Ankara has said the U.S. needs to take concrete steps for a solution to salvage ties ahead of U.S. Secretary of State Rex Tillerson's visit to Turkey on Thursday. The news comes as bilateral ties are at stake because of Washington's support for PKK-affiliated groups in northern Syria. Foreign Minister Mevlüt Çavuşoğlu said yesterday that relations with the U.S. are close to a full collapse and Ankara expects tangible moves from the U.S. regarding its partnership with the People's Protection Units (YPG).
"Ties with the U.S. are at a very critical point. We will either fix these relations or they will break completely," Çavuşoğlu told reporters in Istanbul on the sidelines of a Turkish-African meeting. The relations between the two NATO allies have been battered by the U.S.'s partnership with the Democratic Union Party's (PYD) YPG militia, which are the PKK's affiliates in Syria, on the pretext of fighting Daesh. Ankara has repeatedly asked Washington to end arms support to the YPG, citing that it would pose great threats to Turkey's national security. However, the U.S. has continued its support to the group, shrugging off the Ankara's warnings. Çavuşoğlu said: "The U.S. is using the fight against Daesh as a pretext for its partnership with the YPG."
Commenting on the current strained ties, Prime Minister Binali Yıldırım said yesterday that the U.S. needs to think about its stance in relation to its support to the YPG.
Referring to Turkey's ongoing operation in Afrin against the YPG, during a press conference with Macedonian Prime Minister Zoran Zaev, Yıldırım said: "Terrorism is the greatest threat for us. The U.S. needs to make reasonable decisions as Turkey's NATO ally and strategic partner."
Yıldırım said that Turkey will eliminate terrorists from Afrin as it previously cleared terrorists on the Manbij-Azaz-Jarablus line with Operation Euphrates Shield.
In relation to promises from the U.S., Turkish officials argue that the gap between rhetoric and reality could not be wider.
Çavuşoğlu said that the U.S.'s unfulfilled promises concerning Manbij and various issues including the Gülenist Terror Group (FETÖ) have caused a loss of trust.
He added: "The missing trust needs to be restored. The reason for that missing trust is the U.S."

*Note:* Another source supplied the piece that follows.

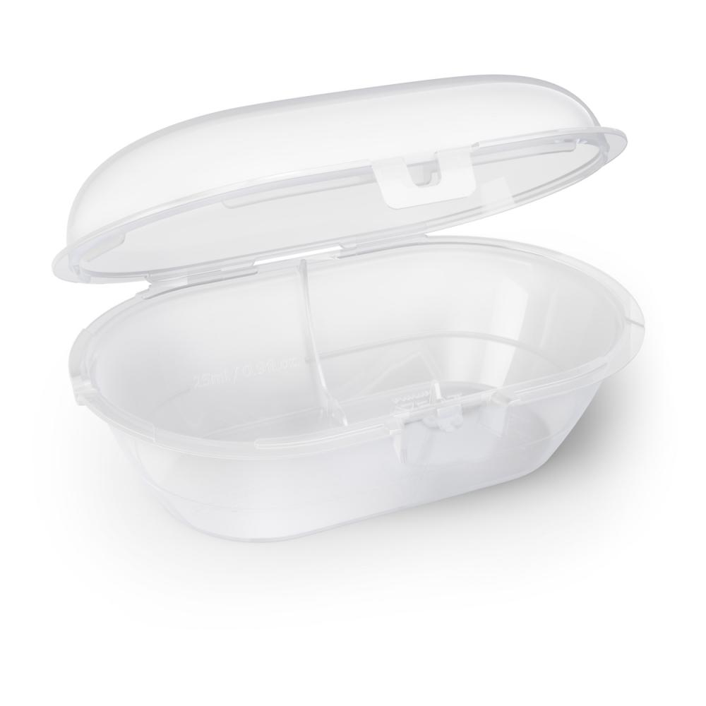 Положите в футляр хорошо промытые пустышки, добавьте 0,25 мл воды и поставьте его в микроволновую печь на 3 минуты при мощности 750–1000 Вт. Охладите в течение 5 минут, вылейте из футляра воду — и процесс завершен!

The U.S.'s refusal to extradite FETÖ leader Fethullah Gülen, who was the mastermind behind the failed coup attempt on July 15, 2016, is one of the longest-standing disputes between Ankara and Washington.
Previously, the U.S. administration under then President Barack Obama had promised Ankara that the YPG would move east of the Euphrates. However, despite warnings from Ankara, the promises were not kept.
The YPG's ultimate aim is to establish an autonomous region in northern Syria by connecting the northwestern Afrin canton to the Kobani and Jazira cantons in the northeast, which the Turkish government considers a "terror corridor.".
In the face of growing security threats, Turkey launched Operation Olive Branch on Jan. 20 to eliminate the YPG from along its border. Turkish officials are resolute in the fight against the PYD and YPG to prevent a terrorist corridor along the Syrian border.
Amid the increased tension between the two countries, U.S. Secretary of State Tillerson will pay a visit to Turkey. Çavuşoğlu said that it will be a significant meeting in which they will discuss the Afrin operation and the current situation in Syria.
In a meeting in Istanbul on Sunday, presidential spokesman İbrahim Kalın and U.S. National Security Adviser H.R. McMaster confirmed the long-term strategic partnership between the countries.
Following the meeting, the White House released a statement saying McMaster affirmed the long-term strategic partnership between the United States and Turkey and the two officials discussed the priorities and concerns of both countries.